Nous-Hermes-13B-GGML
Property | Value |
---|---|
License | Other |
Format | GGML |
Author | TheBloke |
Base Model | Nous-Hermes-13B |
What is Nous-Hermes-13B-GGML?
Nous-Hermes-13B-GGML is a quantized version of the Nous-Hermes-13B model, specifically optimized for CPU and GPU inference using the llama.cpp framework. The model comes in multiple quantization variants ranging from 2-bit to 8-bit, offering different trade-offs between model size, performance, and accuracy.
Implementation Details
The model implements various quantization methods including both original llama.cpp methods (q4_0, q4_1, q5_0, q5_1, q8_0) and new k-quant methods (q2_K, q3_K_S, q3_K_M, q3_K_L, q4_K_S, q4_K_M, q5_K_S, q6_K). File sizes range from 5.43GB to 13.83GB depending on the quantization level.
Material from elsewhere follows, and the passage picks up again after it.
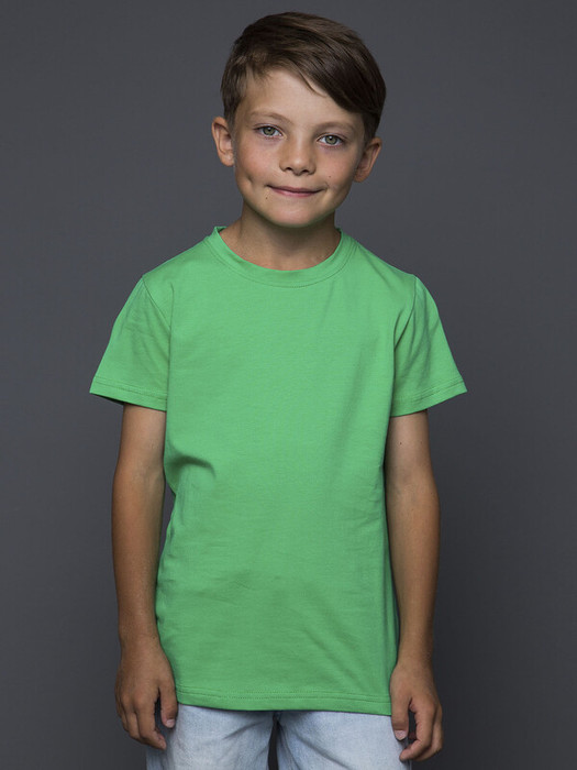 Яркая детская футболка зеленого цвета с коротким рукавом.

- Supports Alpaca prompt format
- Compatible with multiple UI frameworks including text-generation-webui and KoboldCpp
- Offers GPU layer offloading capabilities
Core Capabilities
- Long-form response generation
- Low hallucination rate
- Strong performance across various benchmarks (top rankings in ARC-c, ARC-e, Hellaswag)
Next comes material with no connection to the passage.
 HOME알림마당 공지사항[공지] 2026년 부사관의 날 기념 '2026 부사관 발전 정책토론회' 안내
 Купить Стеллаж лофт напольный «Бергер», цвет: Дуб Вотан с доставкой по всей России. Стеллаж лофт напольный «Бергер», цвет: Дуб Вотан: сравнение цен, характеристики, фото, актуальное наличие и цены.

- Flexible deployment options for both CPU and GPU inference
Frequently Asked Questions
Q: What makes this model unique?
This model stands out for its variety of quantization options that allow users to balance between performance and resource usage. It provides exceptional compatibility with llama.cpp ecosystem while maintaining the strong performance of the base Nous-Hermes-13B model.
Q: What are the recommended use cases?
The model is ideal for local deployment scenarios where GPU resources might be limited. It's particularly well-suited for applications requiring natural language understanding, creative writing, and instruction following, while allowing users to choose the quantization level that best matches their hardware capabilities.